In practice, Flamingo fuses large language models with powerful visual representations – each separately pre-trained and frozen – by adding novel architectural components in between. Then it is trained on a mixture of complementary large-scale multimodal data coming only from the web, without using any data annotated for machine learning purposes. Following this method, we start from Chinchilla, our recently introduced compute-optimal 70B parameter language model, to train our final Flamingo model, an 80B parameter VLM. After this training is done, Flamingo can be directly adapted to vision tasks via simple few-shot learning without any additional task-specific tuning.

We also tested the model’s qualitative capabilities beyond our current benchmarks. As part of this process, we compared our model’s performance when captioning images related to gender and skin colour, and ran our model’s generated captions through Google’s Perspective API, which evaluates toxicity of text. While the initial results are positive, more research towards evaluating ethical risks in multimodal systems is crucial and we urge people to evaluate and consider these issues carefully before thinking of deploying such systems in the real world.

Multimodal capabilities are essential for important AI applications, such as aiding the visually impaired with everyday visual challenges or improving the identification of hateful content on the web. Flamingo makes it possible to efficiently adapt to these examples and other tasks on-the-fly without modifying the model. Interestingly, the model demonstrates out-of-the-box multimodal dialogue capabilities, as seen here.

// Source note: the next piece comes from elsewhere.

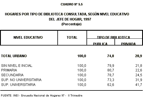 La mayor proporción (83.2%) de personas que consultaron bibliotecas públicas, provienen de hogares con Jefes jóvenes (menores de 20 años).
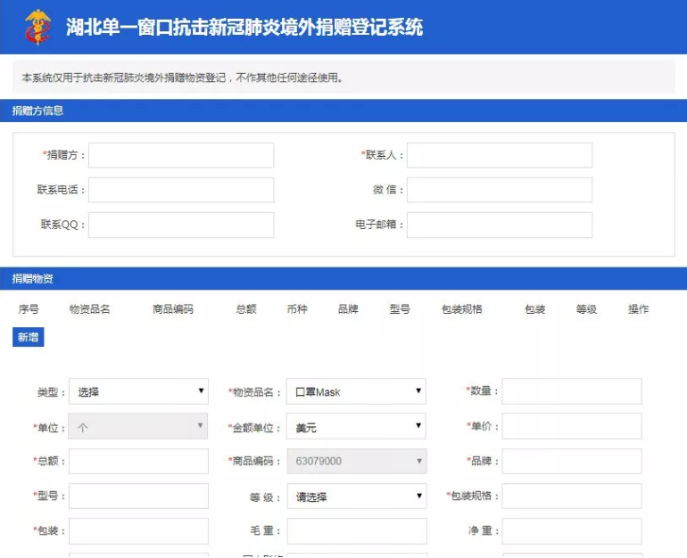 湖北“单一窗口”抗击新冠肺炎境外捐赠登记系统

Figure 3 – Flamingo can engage in multimodal dialogue out of the box, seen here discussing an unlikely “soup monster” image generated by OpenAI’s DALL·E 2 (left), and passing and identifying the famous Stroop test (right).

Flamingo is an effective and efficient general-purpose family of models that can be applied to image and video understanding tasks with minimal task-specific examples. Models like Flamingo hold great promise to benefit society in practical ways and we’re continuing to improve their flexibility and capabilities so they can be safely deployed for everyone’s benefit. Flamingo’s abilities pave the way towards rich interactions with learned visual language models that can enable better interpretability and exciting new applications, like a visual assistant which helps people in everyday life – and we’re delighted by the results so far.